I am using version 0.63 on Windows 7 x64 in a corporate domain environment.
I have an end user that is programming a Bluetooth module over a serial connection. He is using a USB-to-serial adapter, and we had tested it directly on the serial port and the same issue results. We also tried rebooting the device while attached and text does appear, but it appears that when we send text, the device isn't receiving or accepting it.
They used to use HyperTerminal under Windows XP.
It is on COM5, baud rate is 38400, data bits is 8, stop bits is 1, parity is none and flow control is none.
These settings were identical to HyperTerminal.

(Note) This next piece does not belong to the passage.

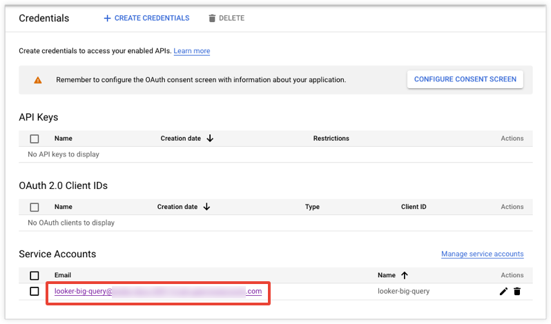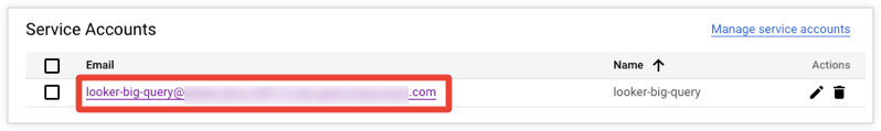 Find the email address that corresponds to the service account. You will need this address to configure the Looker connection to BigQuery:

In HyperTerminal, we also had to enable send line ends with line feeds, echo typed characters locally, append line feeds to incoming line ends, force incoming to 7-bit ASCII, and wrap lines that exceed terminal width.
In PuTTY we tried to emulate that by enabling force on local echo, and implicit CR/LF options.
Far as I can tell, all those settings are correct, however, in PuTTY, the characters do echo, nothing responds. If I were to type in say Ctrl + V, the version of the modules firmware should respond. In PuTTY, nothing gets responded.
It seems there is an error when it is TX.
So, unless there is some other magical setting I am not aware of, is this a bug? If there is a ht to PuTTY settings conversion process, perhaps that feature can be very useful, especially if I can just double click their saved ht files. So does that exist?
Any ideas as I am getting frustrated as we have no other problems using PuTTY for serial connections for other devices.